La situación legal, operativa y financiera de la Universidad Particular de Chiclayo – UDCH, se encuentra en un momento de definición histórica. Tras el cese de sus actividades académicas regulares, la institución ha tenido que reconfigurar por completo su estructura interna para responder a millonarias deudas acumuladas, demandas laborales y, de manera simultánea, articular una estrategia técnica que le permita volver a tocar las puertas de la Superintendencia Nacional de Educación Superior Universitaria - Sunedu. En medio de este escenario de alta tensión, el activo más valioso de la casa de estudios, su ciudad universitaria, se encuentra en el centro de un complejo litigio judicial que mantiene en vilo a toda la comunidad educativa lambayecana.
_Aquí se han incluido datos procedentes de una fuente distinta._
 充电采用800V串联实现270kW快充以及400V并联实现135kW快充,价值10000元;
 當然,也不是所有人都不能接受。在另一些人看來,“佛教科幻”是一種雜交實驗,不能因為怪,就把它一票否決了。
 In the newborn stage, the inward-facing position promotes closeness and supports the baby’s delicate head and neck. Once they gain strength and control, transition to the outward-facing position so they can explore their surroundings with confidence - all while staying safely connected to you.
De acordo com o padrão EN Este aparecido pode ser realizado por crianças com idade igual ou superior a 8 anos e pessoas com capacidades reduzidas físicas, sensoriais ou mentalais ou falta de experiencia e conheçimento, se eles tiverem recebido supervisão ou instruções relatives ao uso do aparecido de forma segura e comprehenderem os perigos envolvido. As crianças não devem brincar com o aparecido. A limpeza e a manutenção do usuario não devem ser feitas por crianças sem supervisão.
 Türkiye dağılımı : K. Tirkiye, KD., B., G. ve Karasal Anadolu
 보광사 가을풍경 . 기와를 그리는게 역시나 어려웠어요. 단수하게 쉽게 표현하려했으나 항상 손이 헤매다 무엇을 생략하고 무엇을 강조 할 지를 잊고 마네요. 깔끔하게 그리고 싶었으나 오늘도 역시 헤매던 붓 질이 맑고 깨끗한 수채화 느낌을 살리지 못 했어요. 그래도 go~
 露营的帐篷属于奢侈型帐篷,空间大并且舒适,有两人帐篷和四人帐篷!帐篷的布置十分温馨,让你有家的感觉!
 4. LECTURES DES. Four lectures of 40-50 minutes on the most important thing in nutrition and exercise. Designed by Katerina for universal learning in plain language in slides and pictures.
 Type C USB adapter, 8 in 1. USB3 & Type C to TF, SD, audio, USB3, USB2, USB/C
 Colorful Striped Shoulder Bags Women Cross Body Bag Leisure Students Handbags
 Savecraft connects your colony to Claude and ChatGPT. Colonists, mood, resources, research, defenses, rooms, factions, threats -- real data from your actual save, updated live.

Para esclarecer el panorama real de la institución, Danilo Escobar Gutiérrez, rector de la Universidad de Chiclayo, detalla para Expresión las acciones legales interpuestas ante la Corte Superior de Justicia de Lambayeque, el estado de las planillas, el financiamiento actual de sus oficinas de soporte y las negociaciones en reserva con inversores privados para salvaguardar el patrimonio institucional e ingresar un nuevo expediente de licenciamiento antes de que concluya el presente año.
El fantasma del remate
El aspecto más crítico que ensombrece el futuro de la institución está directamente relacionado con el terreno de su ciudad universitaria. El asesor legal externo, Roque Calonge, advirtió previamente que estos terrenos se encontraban afectados por un proceso de ejecución de garantías a favor de un tercero, una situación que el rector Escobar Gutiérrez confirma y detalla a través de precisiones técnico-legales.
El caso se encuentra signado bajo el expediente número 317-2021, tramitado ante el octavo juzgado especializado civil-comercial de Chiclayo, e iniciado originalmente por el banco BBVA contra la universidad bajo la materia de ejecución de garantías reales, lo que implica formalmente un mandato de remate del campus universitario. El proceso ha entrado en su etapa de ejecución de sentencia y ha registrado un cambio sustancial en la identidad del acreedor.
De acuerdo con la reciente resolución número 29 emitida por el citado juzgado, la judicatura resolvió integrar a la relación procesal al ciudadano Samuel Dyer Ampudia en calidad de sucesor procesal. Esta incorporación faculta a Dyer Ampudia a asumir de forma íntegra todos los derechos que le correspondían originalmente al banco BBVA como parte ejecutante del proceso. El cambio de titularidad del derecho de cobro se sustentó en la escritura pública número 1366, fechada el 27 de noviembre de 2025, mediante la cual la entidad bancaria otorgó formalmente la cesión de derechos al mencionado ciudadano.
Ante este panorama que acelera el riesgo de pérdida del inmueble, la defensa técnica de la universidad interpuso un recurso de apelación el pasado 11 de mayo de 2026 con la finalidad de que la sala civil de la Corte Superior de Lambayeque revoque o anule la resolución del juzgado comercial, un trámite cuyo tiempo estimado de resolución por parte de los magistrados superiores se calcula en seis meses. Sin embargo, más allá de la batalla en los tribunales, la alta dirección de la universidad viene desplegando una estrategia de negociación directa que se mantenía bajo reserva.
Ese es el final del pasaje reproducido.